Firstly we run the chain for a fixed number of particles until it looks like the chain has converged. Then we choose a set of parameter values \(\theta^\prime\) (the posterior medians here). We then generate 500 estimates of the log-likelihood for a range of different numbers of particles, from which we can calculate the variance of these estimates. We then choose the smallest number of particles with a variance of the log-likelihood of less than 3.
Hence, from the training runs above we can remove some burn-in iterations, and extract the posterior medians:
postMed <- window(post, start = 2000)
postMed <- as.matrix(postMed$pars)
postMed <- apply(postMed, 2, median)
postMed <- postMed[-length(postMed)]
postMed
## beta gamma gamma1
## 3.0804375 1.0818692 0.4504811
We can produce 500 estimates of the log-likelihood by setting the fixpars = TRUE
argument to the PMCMC()
function, passing in the postMed
estimates above.
flu_train <- PMCMC(
x = flu_dat,
priors = priors,
func = model,
u = iniStates,
npart = 25,
iniPars = postMed,
niter = 500,
fixpars = TRUE
)
This produces a list where the first element is a matrix of log-likelihood estimates. Hence we can extract this and calculate the sample variance as follows:
## [,1]
## [1,] 59956.58
Here the variance is \(5.9957\times 10^{4}\), which is larger than 3. Hence let’s try increasing the number of particles and repeating these steps.
## generate numbers of particles to trial
npart <- c(50, 75, 100, 125)
flu_train <- list()
for(i in 1:length(npart)){
flu_train[[i]] <- PMCMC(
x = flu_dat,
priors = priors,
func = model,
u = iniStates,
npart = npart[i],
iniPars = postMed,
niter = 500,
fixpars = TRUE
)
flu_train[[i]] <- var(flu_train[[i]]$output)
}
names(flu_train) <- paste0("npart = ", npart)
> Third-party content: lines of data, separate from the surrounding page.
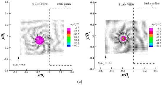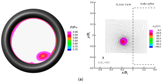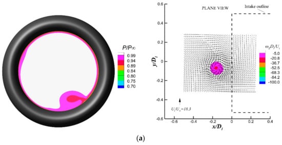where is the area of the circle. Since the vorticity is negative within the vortex core, only the negative value of is integrated. The total average non-dimensional vortex strength is obtained by dividing with the intake velocity and the diameter of the intake . Further details about the computational procedure can be found in [10].
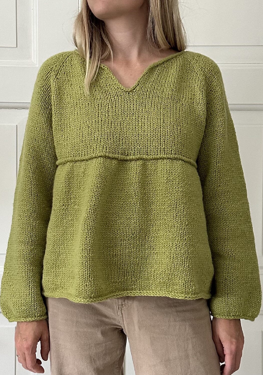 Spirebluse strikkes ovenfra og ned med en tilpasset raglanøkning med en liten splitt foran.
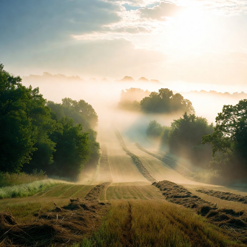 agriculture, blue sky, clouds, countryside, cut hay, dawn mist, dirt road, field path, foggy road, forest edge, golden light, green fields, hay fields, landscape, mist, morning fog, nature, pathway, rural scene, scenic road, sunrise, trees, rural road
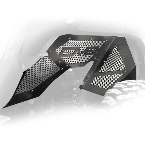 DV8 Off Road Front Black Powdercoated Aluminum finished inner fender for 2018-present Jeep Wrangler JL, are designed to reseal your engine compartment when using aftermarket fenders, clean up your inner fender, and provide better air flow where it counts. 2018-2025 Jeep Wrangler JL Inner Fenders (Front Black) 18-Present Wrangler JL DV8 Offroad 2018 and up Jeep Wrangler JL;2020 and up Jeep Gladiator Fitment: 2018 Jeep Wrangler Rubicon 2018 Jeep Wrangler Sport 2018 Jeep Wrangler Sport S 2018 Jeep Wrangler Unlimited Rubicon 2018 Jeep Wrangler Unlimited Sahara 2018 Jeep Wrangler Unlimited Sport 2018 Jeep Wrangler Unlimited Sport S 2019 Jeep Wrangler Rubicon 2019 Jeep Wrangler Sport 2019 Jeep Wrangler Sport S 2019 Jeep Wrangler Unlimited Rubicon 2019 Jeep Wrangler Unlimited Sahara 2019 Jeep Wrangler Unlimited Sport 2019 Jeep Wrangler Unlimited Sport S 2020 Jeep Gladiator Altitude 2020 Jeep Gladiator Launch Edition 2020 Jeep Gladiator Overland 2020 Jeep Gladiator Rubicon 2020 Jeep Gladiator Sport 2020 Jeep Gladiator Sport S 2020 Jeep Wrangler Rubicon 2020 Jeep Wrangler Sport 2020 Jeep Wrangler Sport S 2020 Jeep Wrangler Unlimited Rubicon 2020 Jeep Wrangler Unlimited Sahara 2020 Jeep Wrangler Unlimited Sport 2020 Jeep Wrangler Unlimited Sport S 2021 Jeep Gladiator High Altitude 2021 Jeep Gladiator Overland 2021 Jeep Gladiator Rubicon 2021 Jeep Gladiator Sport 2021 Jeep Gladiator Sport S 2021 Jeep Wrangler Islander 2021 Jeep Wrangler Rubicon 2021 Jeep Wrangler Sport 2021 Jeep Wrangler Sport S 2021 Jeep Wrangler Unlimited Rubicon 2021 Jeep Wrangler Unlimited Sahara 2021 Jeep Wrangler Unlimited Sport 2021 Jeep Wrangler Unlimited Sport S

flu_train <- do.call("c", flu_train)
## npart = 50 npart = 75 npart = 100 npart = 125
## 6.559770 3.601458 1.751317 1.409048
Here we will choose the number of particles to be 75 (ideally should be a bit larger—but for the sake of exposition we’ll tone down a touch). We now start a new chain using 75 particles, and with starting values derived from the training runs.
post <- PMCMC(
x = flu_dat,
priors = priors,
func = model,
npart = 75,
u = iniStates,
iniPars = postMed,
niter = 10000,
nprintsum = 1000
)
(Again I have suppressed the output here for brevity…)
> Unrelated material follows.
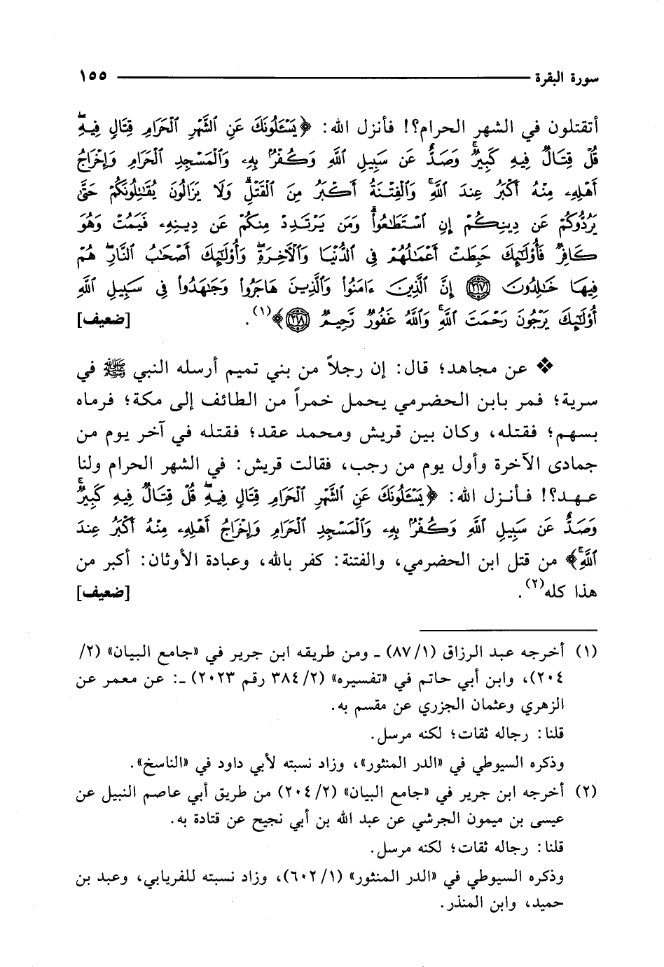 * عن مجاهد؛ قال: إن رجلاً من بني تميم أرسله النبي - صلى الله عليه وسلم - في سرية؛ فمر بابن الحضرمي يحمل خمراً من الطائف إلى مكة؛ فرماه بسهم؛ فقتله، وكان بين قريش ومحمد عقد؛ فقتله في آخر يوم من جمادى الآخرة وأول يوم من رجب، فقالت قريش: في الشهر الحرام ولنا عهد؟! فأنزل الله: {يَسْأَلُونَكَ عَنِ الشَّهْرِ الْحَرَامِ قِتَالٍ فِيهِ قُلْ قِتَالٌ فِيهِ كَبِيرٌ وَصَدٌّ عَنْ سَبِيلِ اللهِ وَكُفْرٌ بِهِ وَالْمَسْجِدِ الْحَرَامِ وَإِخْرَاجُ أَهْلِهِ مِنْهُ أَكْبَرُ عِنْدَ اللهِ} من قتل ابن الحضرمي، والفتنة: كفر بالله، وعبادة الأوثان: أكبر من هذا كله (¬2). [ضعيف]

10.5 Visualising and summarising the posterior distributions
We can visualise the approximate posterior distributions (after removing some burn-in):
##
## Iterations = 1:8001
## Thinning interval = 1
## Number of chains = 1
## Sample size per chain = 8001
##
## 1. Empirical mean and standard deviation for each variable,
## plus standard error of the mean:
##
## Mean SD Naive SE Time-series SE
## beta 2.9938 0.28385 0.0031733 0.01574
## gamma 1.0457 0.20216 0.0022601 0.01074
## gamma1 0.4608 0.02824 0.0003157 0.00157
## logPost -67.0245 1.68719 0.0188622 0.14081
##
## 2. Quantiles for each variable:
##
## 2.5% 25% 50% 75% 97.5%
## beta 2.5032 2.7964 2.9512 3.1595 3.6210
## gamma 0.7229 0.9132 1.0140 1.1655 1.5381
## gamma1 0.4014 0.4410 0.4614 0.4805 0.5113
## logPost -70.5725 -68.0913 -66.8836 -65.9348 -63.7634
Produce summaries of the posteriors for \(R_0\) and the average length of the infectious period.
10.6 Predictive posterior distributions
We can also use the model to predict the future course of an outbreak (with uncertainties). The SimBIID
packages provides a predict()
method for PMCMC
objects. To produce predictions we first fit a model to the current available data. This produces a set of posterior samples for each of the parameters. Then, for each set of posterior samples we can produce an estimate of the states of the system at the final observed time point. We do this by running a bootstrap particle filter over the observed time points for each parameter set, and then sampling a trajectory from the weighted set of particles. Hence we also obtain a set of posterior samples for the states of the system at the final observed time point.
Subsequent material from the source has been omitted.